On evaluating our classification tree model, we find that it achieves an accuracy of around 85% on the training set, which is a substantial improvement over a naive model that classifies everyone as non-defaulting based merely on majority class logic. After conducting predictions on the test dataset, we assess the model's effectiveness by calculating accuracy and examining discrepancies in predictions.

Finally, accuracy metrics provide a quantitative evaluation of our model's performance. Despite achieving a solid accuracy rate of 85%, it is crucial that we reflect on the importance of addressing missing data effectively and recalibrating our model as necessary. Overall, the analysis highlights the significant predictors of loan defaults, including loan amount, property value, years employed, derogatory marks, and debt-to-income ratio.

References

• Breiman, L., Friedman, J. H., Olshen, R. A., & Stone, C. J. (1986).
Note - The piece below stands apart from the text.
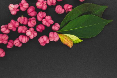 Background composition of Red Cascade spindle (Euonymus europaeus) blossoms and autumn colorful leaves on black matte background with copy space
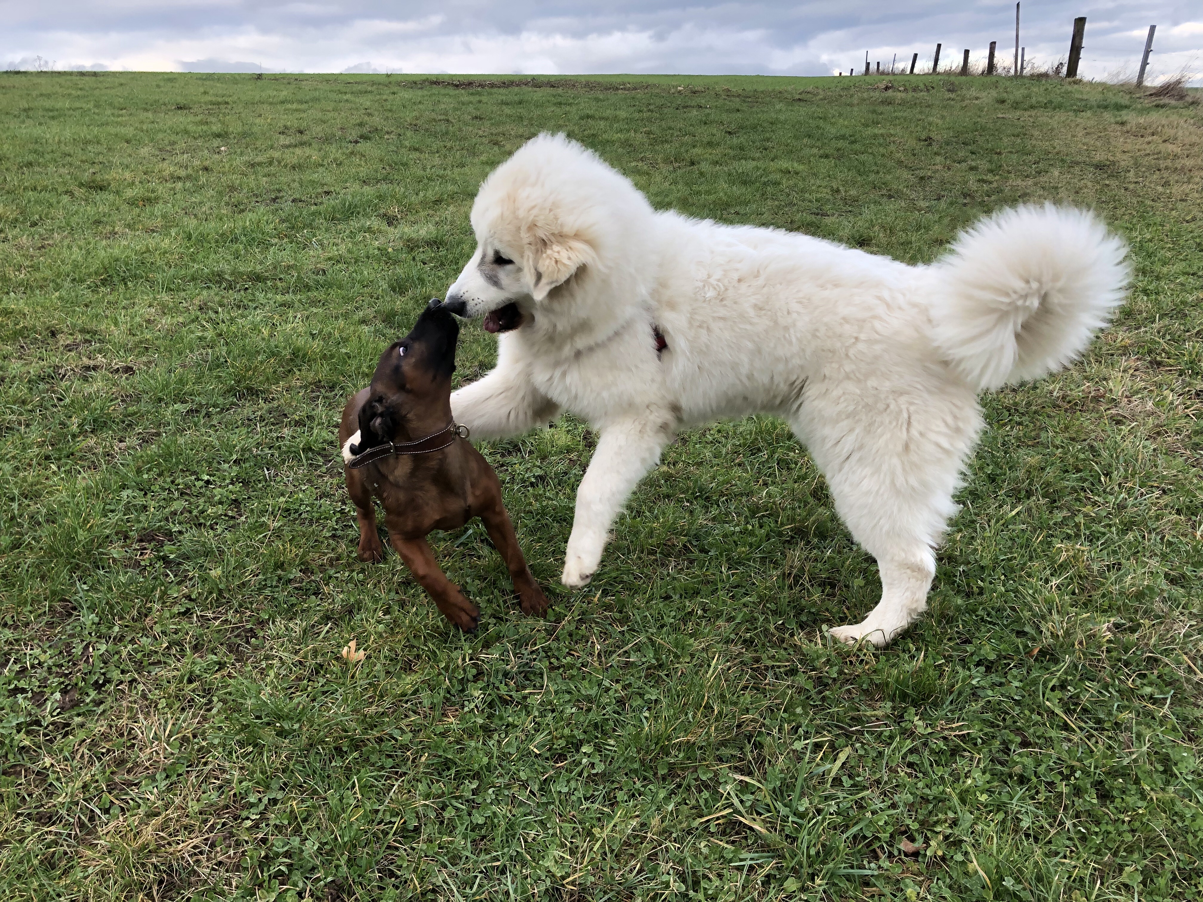 Nach der Mittagsruhe kamen dann schon wieder Wolken und meine kleine Menschenschwester und mein großer Mensch. Da bin ich wieder vermessen und gewiegt (🤪 Bäää, großer Mensch, ich sag immer noch gewiegt) worden. Ich bin einen Kilometer gewachsen … Hää? 🤔 Achso, Zentimeter, sagt mein Besserwisser, mein großer Mensch, na gut, von mir aus. Auf jeden Fall habe ich jetzt eine Schulterhöhe von 65 Metern und … Ooorrrrr … bäbäbäbäbäääää … 78 Z…ä…h…n…t…i…meter Brustumfang und wiege 30,5 Kilos! Jawoll! Mit dickem, fettem, kuschelig warmem Winterfell! Jawoll. Und dann sind wir zu meiner großen Feldwiese gegangen. Unterwegs haben wir noch meine Freundin Cora abgeholt. Weiiil, wir beide toben immer zusammen über meine große Feldwiese. Und das macht Spaß. Richtig Spaß. Die Cora ist nämlich ein Jagdhund und blitzschnell. Die rennt schneller als ich gucken kann. Eine Bayerische Gebirgsschweißhündin ist die Cora nämlich und die schweißt durch die Gegend, hohohohooo, kann ich da nur sagen. Blitzschnell, bliiiiiiitzschnell, jawoll! Wir necken und jagen uns dann immer auf der großen Feldwiese. Und schnappen nach unseren Nasen, Ohren, Nacken. Hihi 😂, das ist lustig. Dann mußten wir aber wieder nach Hause. Die Bella, also ich, war auch ruhebedürftig.

Classification and regression trees. Wadsworth.
• Caruana, R., & Niculescu-Mizil, A. (2006). An empirical comparison of supervised learning algorithms. Proceedings of the 23rd International Conference on Machine Learning, 161-168.
• James, G., Witten, D., Hastie, T., & Tibshirani, R. (2013). An Introduction to Statistical Learning with Applications in R. Springer.
• Kuhn, M., & Johnson, K. (2013). Applied Predictive Modeling. Springer.
• Rodriguez, P., & Paredes, J. (2020). Predicting loan defaults using machine learning: A survey. Journal of Machine Learning Research, 21, 1-30.
• Bourke, P. (2021). The impact of data cleaning on predictive model accuracy. Journal of Data Science, 19(2), 323-340.
• Newman, D. J. (2021). Analyzing missing data and its impact on predictive modeling. Journal of Analytics, 12(3), 316-332.
• Hastie, T., Tibshirani, R., & Friedman, J. (2009). The elements of statistical learning: Data mining, inference, and prediction. Springer.
• Shmueli, G., & Koppius, O. R. (2011). Predictive Analytics in Information Systems Research. MIS Quarterly, 35(3), 553-572.
• Witten, I. H., & Frank, E. (2005). Data Mining: Practical Machine Learning Tools and Techniques. Morgan Kaufmann.